_Directions:_
For this exercise, repeat exactly the lines below starting at the line holding "La entrada principal" and ending at the line holding "Trong khi đó, Sacombank", both included, with no extra lines and no pictures.

_Material for this exercise:_
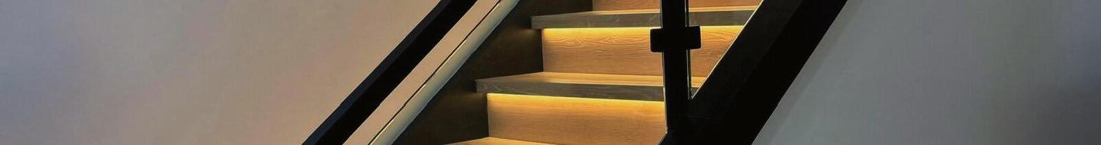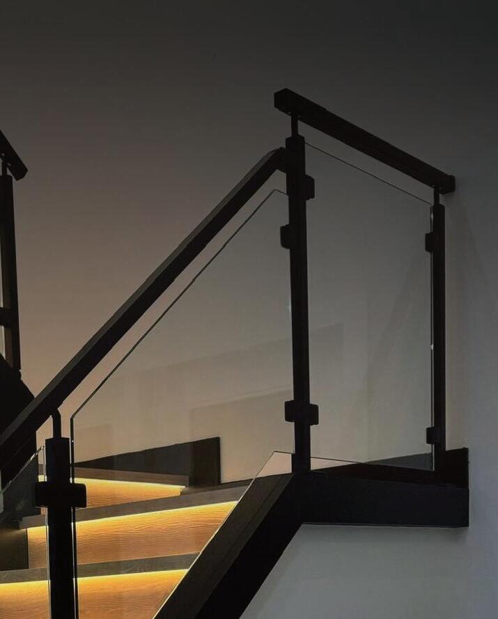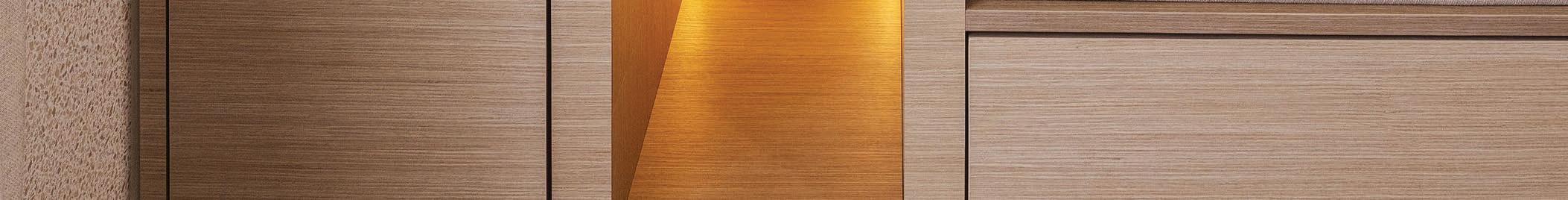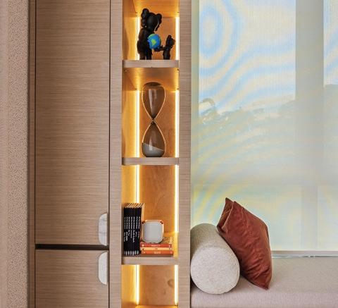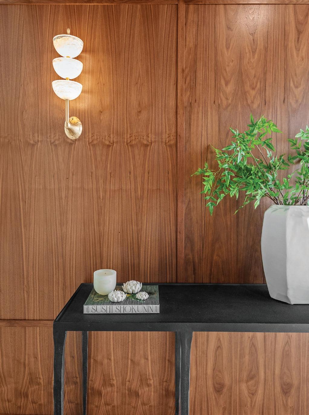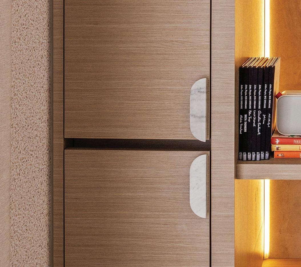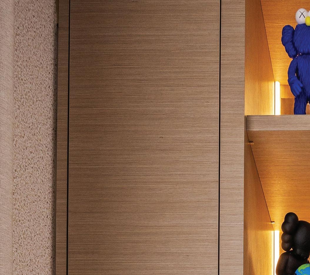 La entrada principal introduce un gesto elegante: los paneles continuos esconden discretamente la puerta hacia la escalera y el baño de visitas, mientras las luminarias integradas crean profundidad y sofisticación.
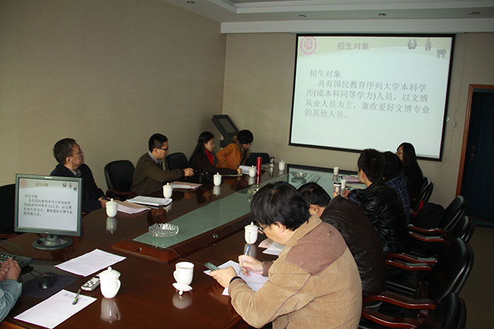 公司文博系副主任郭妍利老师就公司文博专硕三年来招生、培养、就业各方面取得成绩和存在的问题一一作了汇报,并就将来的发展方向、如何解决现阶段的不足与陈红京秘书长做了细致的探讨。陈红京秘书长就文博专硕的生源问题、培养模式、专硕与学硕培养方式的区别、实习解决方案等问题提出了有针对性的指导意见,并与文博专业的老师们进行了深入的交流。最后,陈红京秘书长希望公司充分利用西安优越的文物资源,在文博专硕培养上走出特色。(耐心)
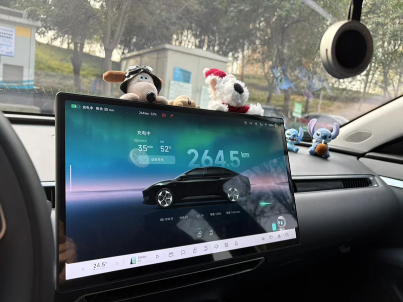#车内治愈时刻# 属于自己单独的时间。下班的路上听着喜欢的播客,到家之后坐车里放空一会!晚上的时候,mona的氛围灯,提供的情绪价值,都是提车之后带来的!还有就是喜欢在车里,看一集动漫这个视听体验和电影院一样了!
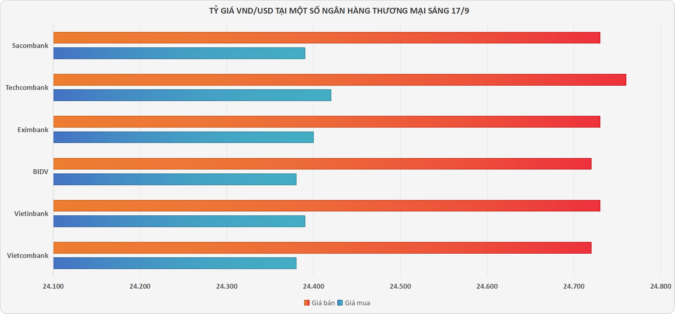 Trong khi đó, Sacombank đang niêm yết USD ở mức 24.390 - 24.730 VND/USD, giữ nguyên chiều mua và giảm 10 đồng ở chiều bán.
* * *
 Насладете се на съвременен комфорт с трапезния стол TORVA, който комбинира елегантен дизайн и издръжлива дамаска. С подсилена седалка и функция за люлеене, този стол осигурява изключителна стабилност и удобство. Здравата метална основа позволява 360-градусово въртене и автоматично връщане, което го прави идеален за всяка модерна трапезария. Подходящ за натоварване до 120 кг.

_Exercise answer:_
 La entrada principal introduce un gesto elegante: los paneles continuos esconden discretamente la puerta hacia la escalera y el baño de visitas, mientras las luminarias integradas crean profundidad y sofisticación.
 公司文博系副主任郭妍利老师就公司文博专硕三年来招生、培养、就业各方面取得成绩和存在的问题一一作了汇报,并就将来的发展方向、如何解决现阶段的不足与陈红京秘书长做了细致的探讨。陈红京秘书长就文博专硕的生源问题、培养模式、专硕与学硕培养方式的区别、实习解决方案等问题提出了有针对性的指导意见,并与文博专业的老师们进行了深入的交流。最后,陈红京秘书长希望公司充分利用西安优越的文物资源,在文博专硕培养上走出特色。(耐心)
#车内治愈时刻# 属于自己单独的时间。下班的路上听着喜欢的播客,到家之后坐车里放空一会!晚上的时候,mona的氛围灯,提供的情绪价值,都是提车之后带来的!还有就是喜欢在车里,看一集动漫这个视听体验和电影院一样了!
 Trong khi đó, Sacombank đang niêm yết USD ở mức 24.390 - 24.730 VND/USD, giữ nguyên chiều mua và giảm 10 đồng ở chiều bán.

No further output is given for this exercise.